Delve uses Azure Machine Learning to search your organization for documents and show you what’s trending at the moment based on document creation, views, edits, and shares. It can be integrated into your Dynamics 365 Dashboard to save you the trouble of searching for relevant documents.

Office 365 groups

As the name suggests, Office 365 groups mainly targets group work by joining emails, conversations, files, and documents all under one workspace. It’s the perfect tool for teams collaborating on one project to keep everything in one place. With the Dynamics 365 integration, Office 365 groups are accessible on any entity (including custom ones). This allows you to have one consolidated location to track any activities or files related to the current entity.

Find out how Sherweb can help you manage your business with our Dynamics 365!

 

Conclusion

We’ve arrived at a point where everything is interconnected. So much work that was completed manually not long ago is now automated with software services and integrations.

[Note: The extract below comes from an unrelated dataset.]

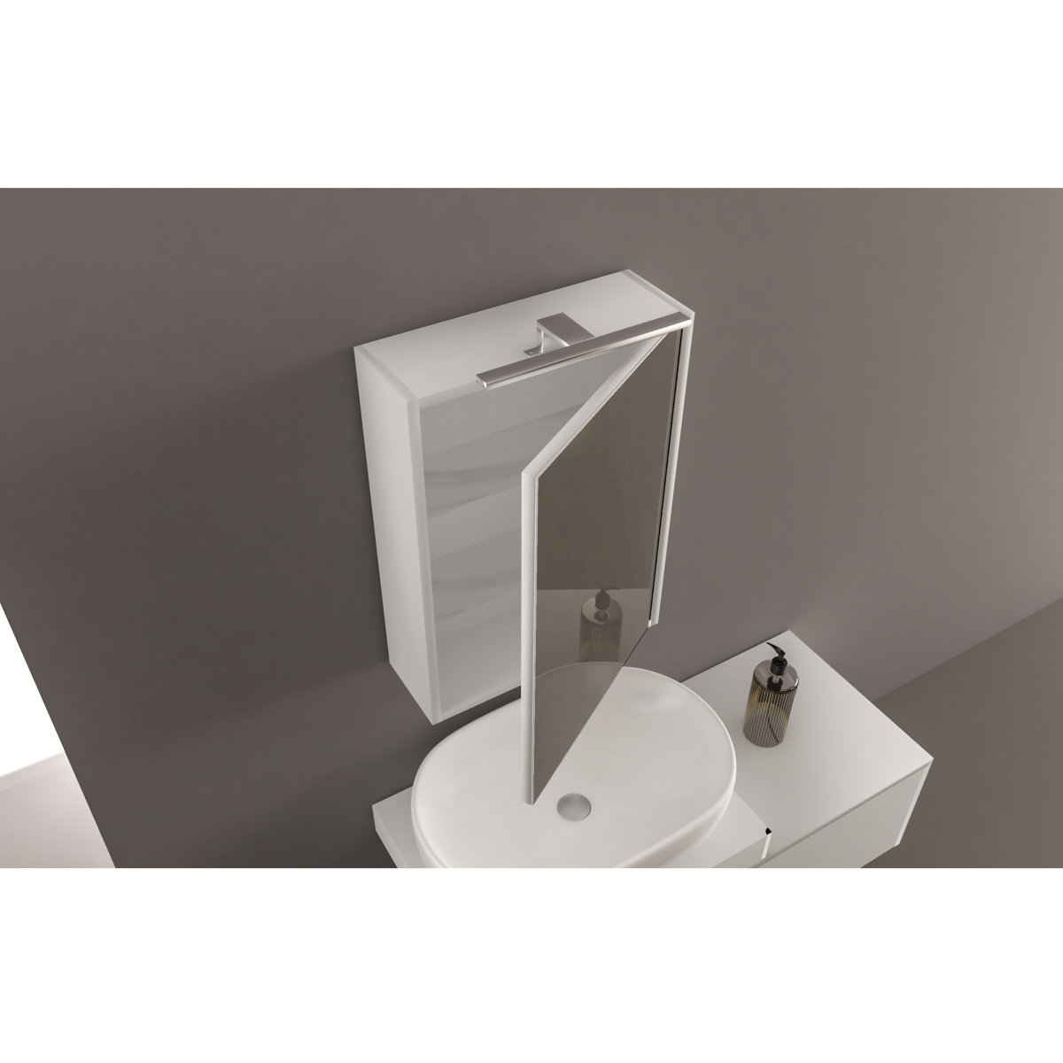 A beépített LED világítás segíti a mindennapi használatot, míg a tükrös ajtó és a belső polcos elrendezés praktikus tárolási lehetőséget biztosít a kisebb fürdőszobai kiegészítők számára. Kompakt méretének köszönhetően kisebb terekben is jól használható.

While the number of integrations is rapidly rising, we should also note that they’re getting a lot smoother with time. To integrate Dynamics CRM with Outlook a couple of years ago, you needed a connector and a technical person. Today, it’s as simple as following a cooking recipe.

Microsoft has a vast portfolio of products, and it is capitalizing on that to dominate the enterprise market. Office 365 is finding huge success on its own; so is Dynamics 365. Combining both can boost productivity to a whole new level while staying in the same ecosystem.